- Hangul: 종로의 기적
- RR: Jongnoui gijeok
- MR: Chongnoŭi kijŏk
- Directed by: Lee Hyuk-sang
- Produced by: Kim Il-ran
- Starring: So Jun-moon; Jang Byeong-gwon; Choi Young-soo; Jeong Yol;
- Cinematography: Lee Hyuk-sang; Kim Il-ran; Kim Seong-hui; Hong Ji-yu;
- Edited by: Lee Hyuk-sang; Kim Il-ran;
- Music by: Jeong Ji-yun
- Production companies: PINKS; Chingusai;
- Distributed by: Cinema Dal
- Release dates: October 7, 2010 (15th Busan International Film Festival); June 2, 2011 (South Korea);
- Running time: 109 minutes
- Country: South Korea
- Language: Korean

= Miracle on Jongno Street =

2010 South Korean documentary film

Miracle on Jongno Street is a 2010 South Korean documentary film directed by Lee Hyuk-sang. The film follows four gay men connected to Jongno, Seoul, and depicts their everyday lives, relationships, activism, and experiences of coming out. It premiered at the 15th Busan International Film Festival in October 2010, where it received the BIFF Mecenat Award, and was released theatrically in South Korea on June 2, 2011.

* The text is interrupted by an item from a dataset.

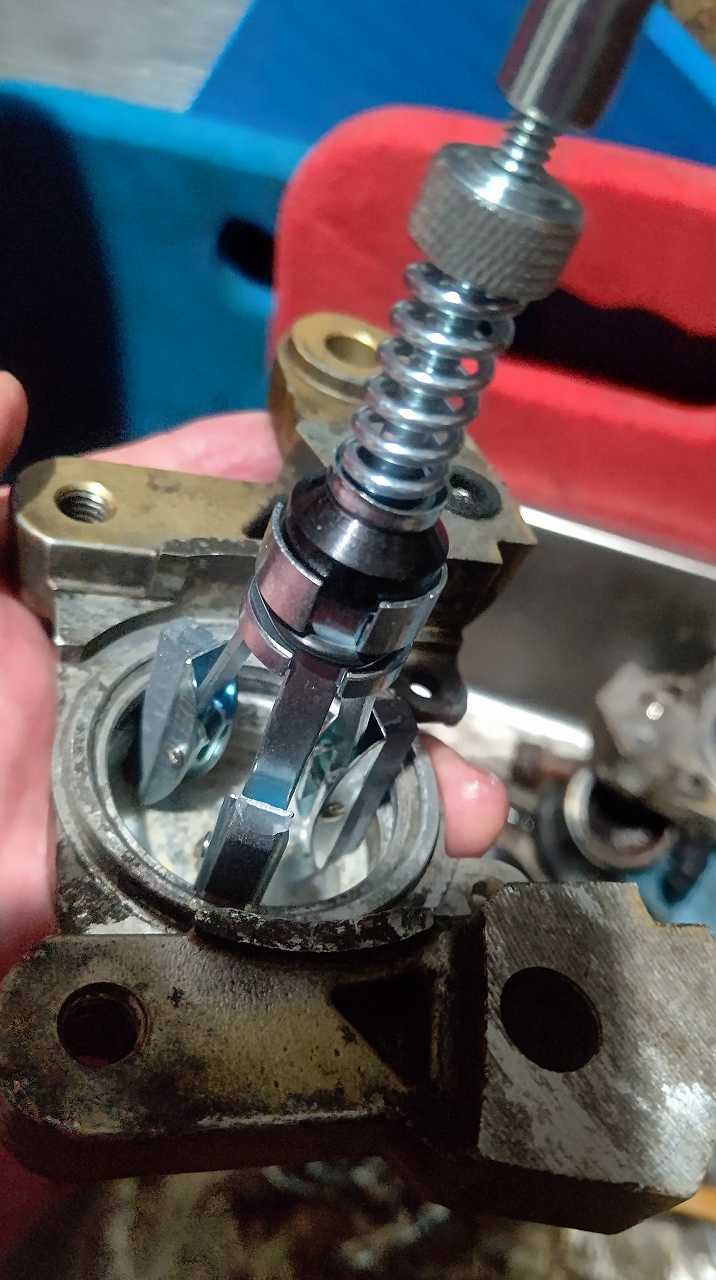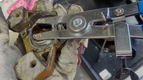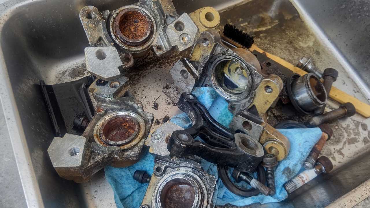 スペアのひとつ、サポートついてる、なんとか力付くでサポート外して、Γにつけて、キャリパー割って、片方はピストン抜けました。

The film is set around Nagwon-dong in Jongno, an area described by film sources as a gathering place for gay men in Seoul. It was also selected as Best Independent Film of the Year by the Korean Independent Film Association.

==Synopsis==
Miracle on Jongno Street documents the lives of four gay men in Seoul. So Jun-moon is a film director working through the personal and professional difficulties of coming out. Jang Byeong-gwon is a human rights activist involved in LGBT advocacy. Choi Young-soo, a cook from outside Seoul, finds community through G-Voice, a gay men's choir. Jeong Yol is an office worker who reflects on the legal and social limitations placed on same-sex relationships in South Korea.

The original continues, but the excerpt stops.